§ PROBLEM TO WORK ON: In the records below, begin at the line that has "Đối với chu" and stop after the line that has "рамках программы 54-ФЗ."; quote those lines verbatim and nothing more.

§ DATASET EXTRACT:

'''

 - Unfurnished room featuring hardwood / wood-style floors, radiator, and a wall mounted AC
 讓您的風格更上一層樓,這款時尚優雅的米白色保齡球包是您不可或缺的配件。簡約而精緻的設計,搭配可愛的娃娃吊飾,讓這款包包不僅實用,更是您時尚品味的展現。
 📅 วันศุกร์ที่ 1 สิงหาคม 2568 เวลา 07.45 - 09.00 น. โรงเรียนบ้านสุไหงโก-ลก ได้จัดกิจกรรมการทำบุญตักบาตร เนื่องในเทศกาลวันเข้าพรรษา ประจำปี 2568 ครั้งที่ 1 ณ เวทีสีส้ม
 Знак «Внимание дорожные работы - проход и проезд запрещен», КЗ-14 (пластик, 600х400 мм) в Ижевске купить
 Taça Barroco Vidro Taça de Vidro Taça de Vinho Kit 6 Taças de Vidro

'''
'''

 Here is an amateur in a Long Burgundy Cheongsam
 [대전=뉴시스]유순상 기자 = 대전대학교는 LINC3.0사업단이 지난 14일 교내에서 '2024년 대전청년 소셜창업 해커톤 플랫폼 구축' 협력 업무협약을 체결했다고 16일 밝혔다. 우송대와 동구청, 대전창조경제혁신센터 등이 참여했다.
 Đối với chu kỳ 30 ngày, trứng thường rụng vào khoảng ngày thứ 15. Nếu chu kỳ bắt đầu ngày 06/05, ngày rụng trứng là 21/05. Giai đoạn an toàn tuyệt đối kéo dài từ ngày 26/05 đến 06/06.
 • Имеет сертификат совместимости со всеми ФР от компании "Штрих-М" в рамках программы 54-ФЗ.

'''

§ ANSWER SPACE:
 Đối với chu kỳ 30 ngày, trứng thường rụng vào khoảng ngày thứ 15. Nếu chu kỳ bắt đầu ngày 06/05, ngày rụng trứng là 21/05. Giai đoạn an toàn tuyệt đối kéo dài từ ngày 26/05 đến 06/06.
 • Имеет сертификат совместимости со всеми ФР от компании "Штрих-М" в рамках программы 54-ФЗ.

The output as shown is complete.